Breeding like rabbits is an apt description. The bigger the tank, the more successive spawns of fry will be tolerated. I once saw a 120 gallon tank, 24" x 24" by 48" wide, that was filled up by a single brichardi pair. The biggest fry stay farthest from the parents and seem to help protect their younger siblings. However in a smaller tank or if they get close to adult size, the largest fry will no longer be welcome. It's best to scoop them out and find homes for them before there is aggression.


----------



## Goosta3 (Feb 1, 2016)

This is an update to my breeding pair of Daffodils. About a week ago *** noticed fry swimming in and around a shell they were guarding. I removed the shell and successfully transported the fry (about15) to a 2 and a half gal grow out tank by themselves with a mature sponge filter and mini heater with a fixed thermostat. Days later I noticed a few of the fry are dying off. I checked the water temp and saw that its 82 degrees. Nitrates are between 60 to 80 with no traceable nitrites, ph is 7.5
Im feeding them New Life Spectrum powdered food between 1-2 a day. Im wondering whats killing them off. any suggestions


----------



## DJRansome (Oct 29, 2005)

Why are the nitrates so high? I have only raised calvus fry, but low nitrates is key for them. When filling the fry tank did you use water from the adult tank?


----------



## Goosta3 (Feb 1, 2016)

I did. I also performed a 20% water change a couple days later. Im wondering if Im using too much food.


----------



## Mcdaphnia (Dec 16, 2003)

I have bred several varieties of brichardi types. I would never myself remove any small fry from the parents' care. They are much better at it than I would be. They will care for several successive spawns of fry with the older fry seeming to help care for or at least tolerate their smaller siblings.

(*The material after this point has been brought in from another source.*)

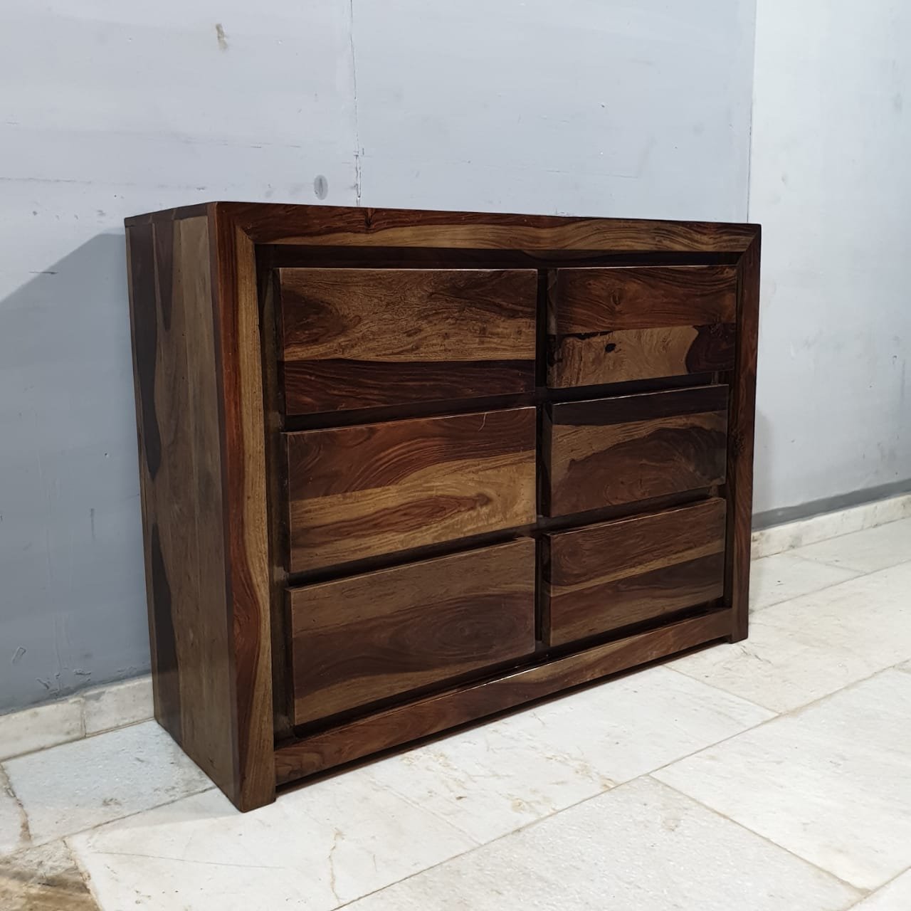 With six spacious drawers, this wooden chest of drawers offers excellent storage for clothing, accessories, linens, or household items. It is an ideal choice for bedroom furniture, helping you keep your room organized and clutter-free. You can also place it in your living room, where it becomes a functional part of your living room furniture, serving as a stylish display unit for décor pieces, books, or essentials.

I'm pretty sure a fry that is accustomed to great parenting would be greatly stressed by suddenly being placed in an "orphanage" operated by a mostly absent caretaker.

Only when the tank gets crowded and there are too many inch long or bigger fry in the tank will I remove the larger ones. Any smaller than a inch get to stay with mama and papa.


----------



## Mcdaphnia (Dec 16, 2003)

When I have small tanks with fry, particularly when they are cichlids, I use a piece of airline tubing to siphon the bottom of the tank any time I see dirt or anything on it. That is more than once a day, maybe three or four times a day. I also add some live plants like Najas to absorb ammonia and nitrate. A friend used to artificially raise discus fry away from the parents, and he, his wife, and two adult children, did this on schedule every four hours around the clock, followed by an addition of aged water, until the fry were able to eat newly hatched baby brine shrimp. and for years they always had new fry to care for around the clock.

If it's important for you to be able to raise the daffodil fry away from their parents I suggest you use a hang on device that circulates water from the large stable tank it hangs on keeping the water in with the fry constantly being replaced. I am particular to one called the Marina Hang On Holding and Breeding Box. I get the largest size, but it's still less than a gallon in volume. The small volume insures that the water quality and even the water temperature stays close to that of the main tank it's hanging on.


----------